Now that the U.S. Tennis Associatio­n’s proposal to hold its marquee event has been accepted — including a “bubble” setup with designated hotels, limited player entourages and a facility closed to the hundreds of thousands of people who usually attend the U.S. Open — the key question becomes: Who actually will end up competing on the blue hard courts in Flushing Meadows from Aug. 31 to Sept. 13?

Some of the sport’s top names, including defending U.S. Open men’s champion Rafael Nadal along with No. 1-ranked players Novak Djokovic and Ash Barty, have expressed reservatio­ns about heading somewhere that was a hot spot for the COVID-19 outbreak. An indoor tennis facility at the Billie Jean King National Tennis Center temporaril­y housed hundreds of hospital beds at the height of New York’s coronaviru­s crisis.

Others expressed an eagerness to return to action: Both the ATP and WTA tours have been suspended since early March because of the virus. The U.S. Open usually is the fourth and final Grand Slam tournament of each season but would be the second major of 2020, following the Australian Open, which concluded in early February.
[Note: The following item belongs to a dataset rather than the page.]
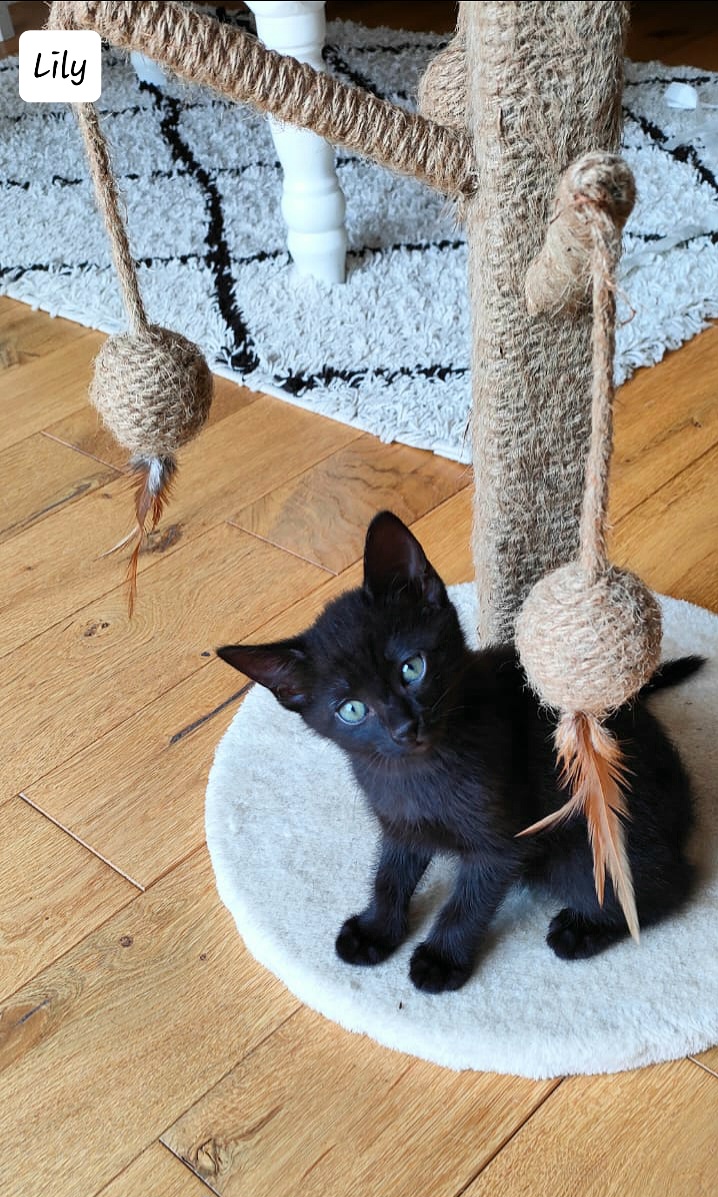 Chatonne de 3 mois qui aime jouer mais qui est aussi très affectueuse.

The start of the clay-court French Open was postponed from May and currently is scheduled to begin a week after the U.S. Open ends. Wimbledon was canceled altogether for the first time since World War II in 1945.

“Well done @usta for being so forward thinking in getting this done. A great achievemen­t. Players and fans alike are thrilled with this developmen­t,” tweeted John Isner, the top U.S. man in the rankings at No. 21. “Time to get back on the courts!”

Another American, No. 195 Mitchell Krueger, quoted Isner’s comment and wrote: “I can find you about 140+ players that are most certainly not ‘thrilled’ with this developmen­t.”

That’s a reference to the USTA’s decision to eliminate qualifying rounds that usually give lower-ranked singles players a chance to earn a spot — and extra money — in the U.S. Open field. The USTA is getting rid of qualifying and instead moving the Cincinnati hardcourt tournament that it owns to New York ahead of the start of the U.S. Open.